On Aug 19, 2010, at 11:12, Brian Postow wrote:

> Ok, the NSScrollView came with an NSView in it. I changed that to NSClipView, 
> and added an NSImageView in the clipview.

Er, no. The NSScrollView came with a NSClipView and a NSView, but IB helpfully 
hides the NSClipView. So you don't need to add one -- just change the NSView to 
an NSImageView and you're done.

> How big do I make the imageview? Currently, it's the same size as the 
> clipview. 

It doesn't matter what you do in IB, because you're going to have to do 
something else programmatically later. You basically have 2 modes: zoom to fit, 
and zoom to scale factor, and there's a difference image view size calculation 
for each so it must be done manually. Consequently, you probably want to 
prevent (in IB) the image view from autoresizing.

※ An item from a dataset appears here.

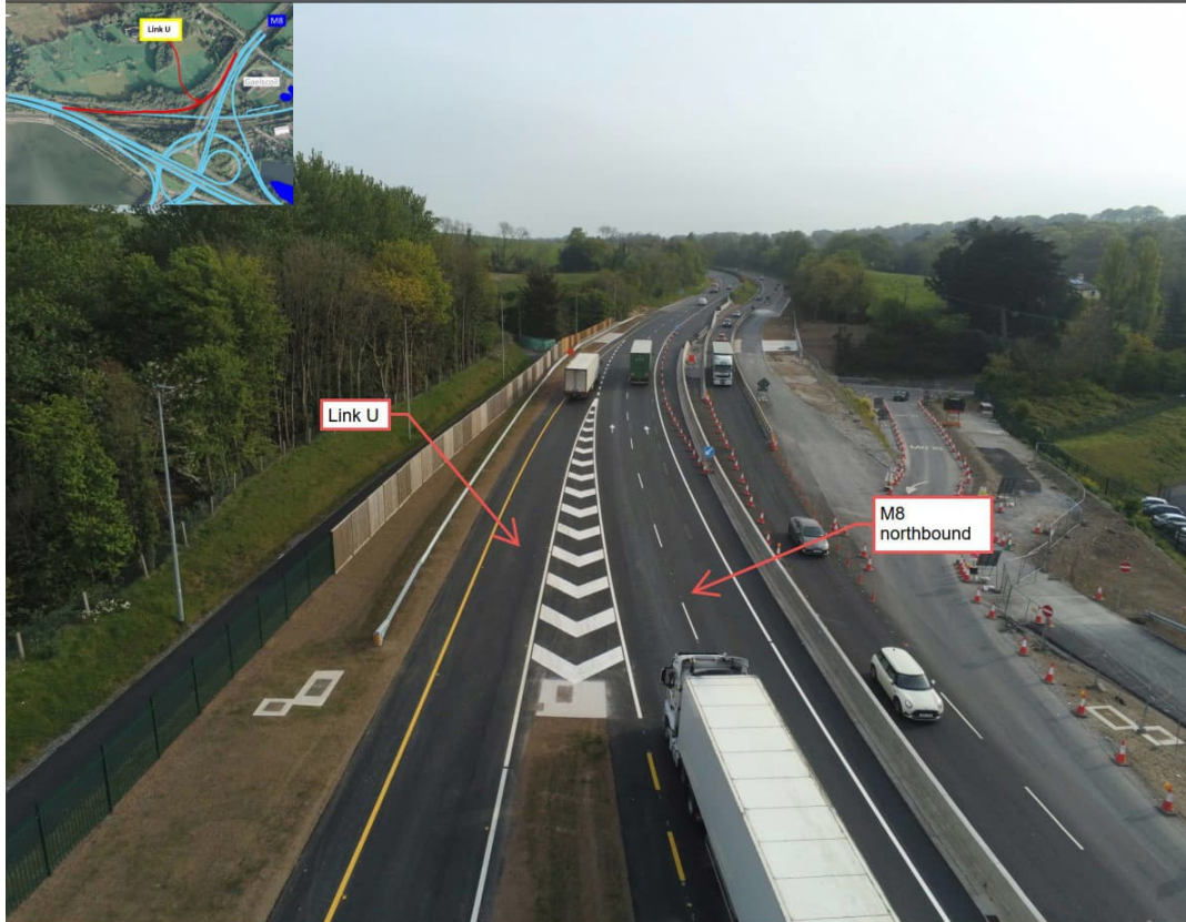
Traffic from Link U merging with the M8 northbound.

At Structure St01, works are progressing on the bridge deck – see photograph below. We expect that this structure will be opened to construction traffic over the coming days.

> The way I'm testing is by zooming in on the image with: [imageView 
> scaleUnitSquareToSize: NSMakeSize(zoomFactor, zoomFactor)]
> 
> 
> Also When I do zoom to fit with       [imageView setImageScaling: 
> NSScaleToFit]; it zooms BOTH dimensions. Normally you want to zoom to the 
> smaller dimension, but keeping the same aspect ratio. is there an easy way to 
> do this?

Well, you want NSScaleProportionally instead of NSScaleToFit, except that both 
are deprecated in 10.6, so you *really* want NSImageScaleProportionallyUpOrDown.